No Planalto, esforços para conter o impacto da ruptura foram liderados pela ministra das Relações Institucionais, Gleisi Hoffmann, que destacou o PDT como “um aliado histórico” e “fundamental” para a base governista. Apesar das negociações, que incluíram a indicação de Queiroz para manter o partido no comando da Previdência, a bancada pedetista optou pela independência, sinalizando que o apoio a pautas do governo será avaliado caso a caso. “Não há rompimento formal, mas a relação será rediscutida”, afirmou Figueiredo, sugerindo que o PDT buscará maior autonomia em suas decisões legislativas.

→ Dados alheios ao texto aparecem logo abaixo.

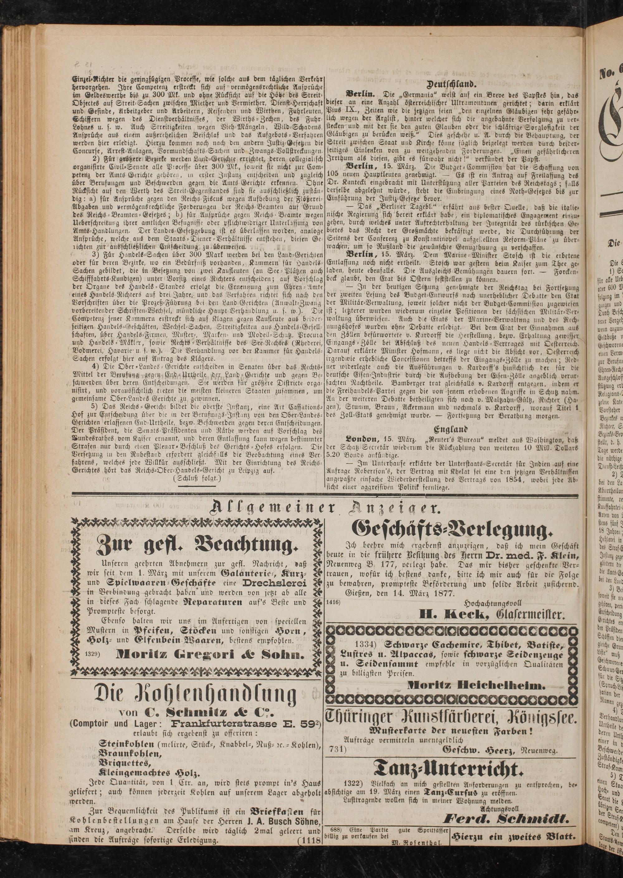 Berlin, 15. März. Die Budget-Commission hat die Schaffung von 105 neuen Hauptleuten genehmigt. — Es «st ein Antrag auf Freilassung des Dr. flantecki eingebracht mit Unterstützung aller Parteien 'des Reichstags ; falte derselbe abgelehnt würde, steht die Einbringung eines Noth-Gesetzes bis zur Einführung der Justiz-Gesetze bevor.
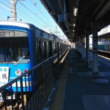 小田原駅と南足柄市役所の最寄大雄山駅を結ぶ9.6キロの路線。フラワーガーデンの梅林鑑賞のために利用。
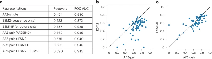 图 3:AF2 的配对表示在结合-残基预测方面最为有效。
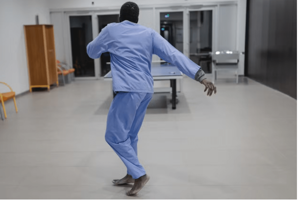 Un patient danse dans la salle commune de l’unité de soins intensifs psychiatriques du centre hospitalier universitaire de Montpellier, le 26 novembre 2024. LAURENCE GEAI/MYOP POUR « LE MONDE »

A debandada do PDT acende um sinal de alerta para o governo Lula, que enfrenta uma oposição fortalecida pela articulação de uma Comissão Parlamentar Mista de Inquérito (CPMI) para investigar as fraudes no INSS. Lideranças do Partido Liberal (PL) e outros oposicionistas, como o senador Rogério Marinho (PL-RN), prometem manter a pressão, com críticas à nomeação de Queiroz, descrita como “trocar seis por meia dúzia”. A perda do apoio pedetista, cuja bancada foi decisiva em votações apertadas, pode complicar a aprovação de projetos prioritários, como reformas econômicas, em um Congresso já marcado por tensões políticas.
Enquanto isso, o PDT enfrenta seus próprios desafios internos. A legenda, que viu seu número de prefeitos eleitos cair pela metade nas eleições municipais de 2024, luta para reverter uma trajetória de encolhimento e cumprir as cláusulas de barreira em 2026. Carlos Lupi, que reassumiu a presidência do partido, já sinaliza conversas com PSB e Cidadania para a formação de uma federação, mas a saída de Cid Gomes (PSB), irmão de Ciro, e de aliados regionais enfraquece sua posição. A decisão de abandonar a base aliada, embora unânime, expõe divisões entre a ala pragmática, que teme o isolamento político, e os apoiadores de Ciro, que defendem uma postura oposicionista mais incisiva.
À medida que o Brasil se aproxima de um novo ciclo eleitoral, a ruptura do PDT com o governo Lula reconfigura o tabuleiro político nacional. A legenda, outrora pilar da esquerda brasileira sob a liderança de Leonel Brizola, parece buscar um novo caminho, entre a reinvenção e o risco de marginalização. Para o Planalto, a tarefa é conter o desgaste e evitar novas deserções, enquanto a oposição aguarda, atenta, por brechas para intensificar sua ofensiva. O desfecho dessa crise, como tantos outros na política brasileira, dependerá das costuras nos bastidores e da capacidade de cada lado em transformar revezes em oportunidades.